И я понимаю, что это всё. Не прощу. Не смогу.
Я ему очень многое отпустила, и еще немало готова была. Но только не это. Такое не прощают.
— Я знаю, сейчас тебе очень сложно. Внутри тебя происходит колоссальная гормональная перестройка. Ты сама по себе эмоциональная, а сейчас все гипертрофированно ощущаешь. Тебе тяжело оценивать ситуацию непредвзято. Но копить все это и умышленно подпитывать нельзя. Это пагубно закончится. Переключись, попробуй отпустить ситуацию, поговорить с мужем спокойно, понять, что именно им руководит, если до этого ваши отношения были нормальными. Примерно сорок процентов всех беременностей в мире можно отнести к незапланированным, чуть меньше половины из них заканчивается рождением ребенка. Изначально многим трудно принять эту новость позитивно. Ты приняла, а супруг твой — нет. Но это не значит, что завтра или даже к вечеру он не изменит своего отношения. Не взращивай негатив. Думай глобально. Центр Вселенной сейчас внутри тебя. Ты в состоянии защитить его. Никто против твоей воли не причинит ему вред. Это нужно понимать. И все. Наслаждайся своим состоянием. Потому что это на самом деле чудесное время в жизни любой женщины. Сосредоточься на себе, в первую очередь. Все остальное сейчас второстепенно.
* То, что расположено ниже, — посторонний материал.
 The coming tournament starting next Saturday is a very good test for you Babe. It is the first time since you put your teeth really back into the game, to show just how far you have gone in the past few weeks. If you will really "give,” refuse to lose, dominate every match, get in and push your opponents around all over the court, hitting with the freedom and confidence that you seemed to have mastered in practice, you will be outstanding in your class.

Подсознательно я и сама это понимала. Но, вероятно, нуждалась, чтобы кто-то оформил эти мысли в правильные слова. Именно они погружают меня в защитный кокон. В нем я чувствую себя значительно лучше. Удается расслабиться и даже вздремнуть.
После обеда появляется Тоня.
— Что же это теперь будет? — причитает она, судорожно сжимая и разжимая сцепленные на коленях кисти. — Лялька моя. Девочка…
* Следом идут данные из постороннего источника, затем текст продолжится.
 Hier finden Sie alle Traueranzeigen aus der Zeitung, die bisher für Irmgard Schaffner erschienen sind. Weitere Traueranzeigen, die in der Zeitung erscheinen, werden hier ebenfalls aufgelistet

— Тоня, хоть ты не нагнетай, — устало прошу ее.
— Но как с Романом Викторовичем?
— Я никогда не пойду на аборт.
— Нельзя! Нельзя, конечно, — крестится между делом и меня осеняет. — Но как с ним?
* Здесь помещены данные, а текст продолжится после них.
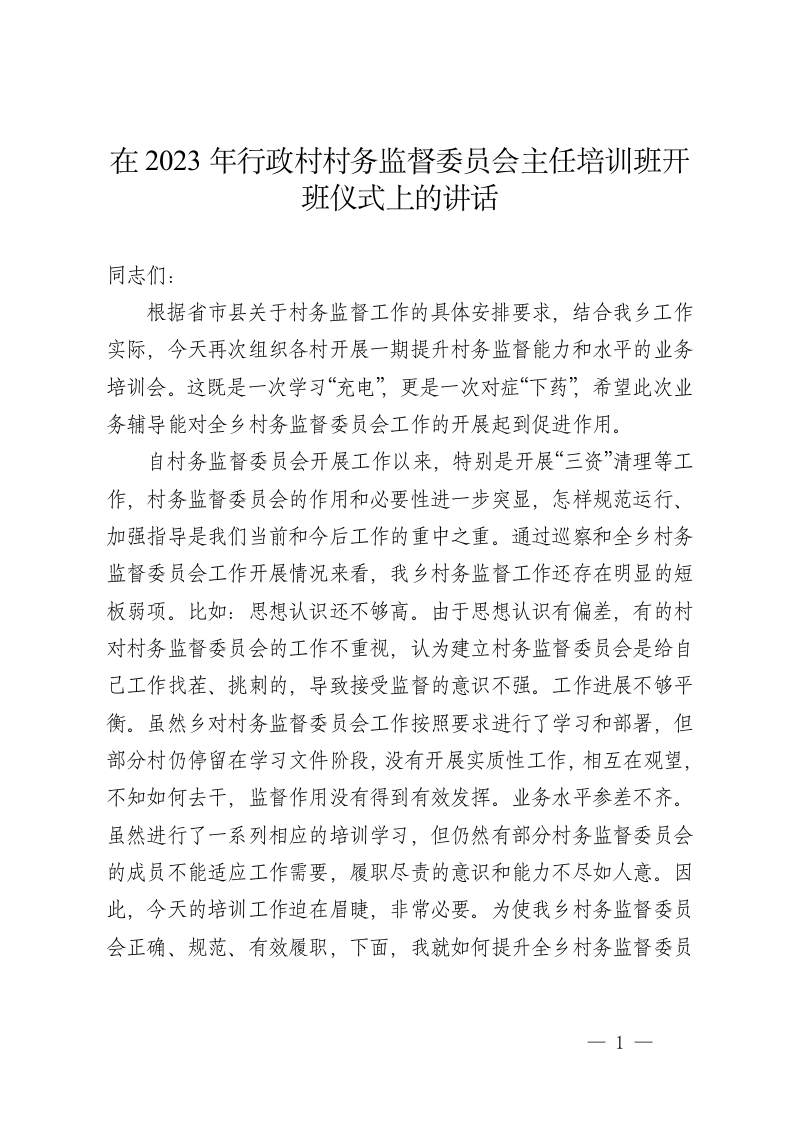 在2023年行政村村务监督委员会主任培训班开班仪式上的讲话

— Не знаю. Еще не придумала.
По совету психолога пытаюсь хотя бы временно отодвинуть его на задний план. Пока не очень успешно получается.
— Ты поешь. Пока теплое.
— Ох, ничего в меня не лезет, Тоня.
— Надо, лялька. Ты сейчас не только за себя отвечаешь. Нужно думать о ребеночке. Дай Бог, все наладится, — снова крестится.
И довольно вздыхает, когда я пододвигаю тарелку ближе. Отвлекая меня, рассказывает откровенные небылицы — такое только в «СПИД-Инфо» пишут.
— Если испугаешься, не вздумай хвататься за лицо. Иначе у ребенка на этих местах появятся родимые пятна.
— Ну, это же откровенная глупость, Тонь! Что за древние страшилки?
— Ничего не глупость. Проверено веками. Еще моя прабабка так говорила. И я тебе не страшилки рассказываю, а дельные советы даю.
— Смешно же!
— Узлы на себе не вяжи, чтобы ребеночек пуповиной не обмотался, — входит няня в раж.
— Хорошо, хорошо… Только чтобы ты спокойна была.
— На себе ничего не срезай…
Не успевает закончить, в дверь стучат.
— Юль Владимировна, Сауль на проводе, — Костя протягивает свой мобильный. — Говорит, к тебе дозвониться не может.
— Передай, что я сплю.
Саульский это наверняка сам слышит. Парень отказывается еще и повторять мои слова.
— Так не спишь же.
Покрывается густым румянцем, качает головой и настойчиво тычет телефон:
— Не накаляй, госпожа.
— У тебя совета забыла спросить. Выйди вон, Костик. У меня сейчас процедуры будут, — именно в этот момент в палату входит медсестра и просит прийти в процедурную на укол. — Что застыл? Выйди, говорю!
Костя окидывает меня острым, как бритва, взглядом. Шумно выдыхает и, поднося к уху телефон, на пути к двери докладывает Саульскому:
— Не желает панночка разговаривать. Нет. Нормально, вроде бы…
Голос режет недовольством, но дверь прикрывает на удивление тихо.
— Юля, Юля, — неодобрительно прицокивает языком Тоня, едва остаемся одни. — Нельзя так! Зачем ты злишь его еще больше?
— Никого я не злю. Сказать мне нечего. Молчать в трубку, что ли?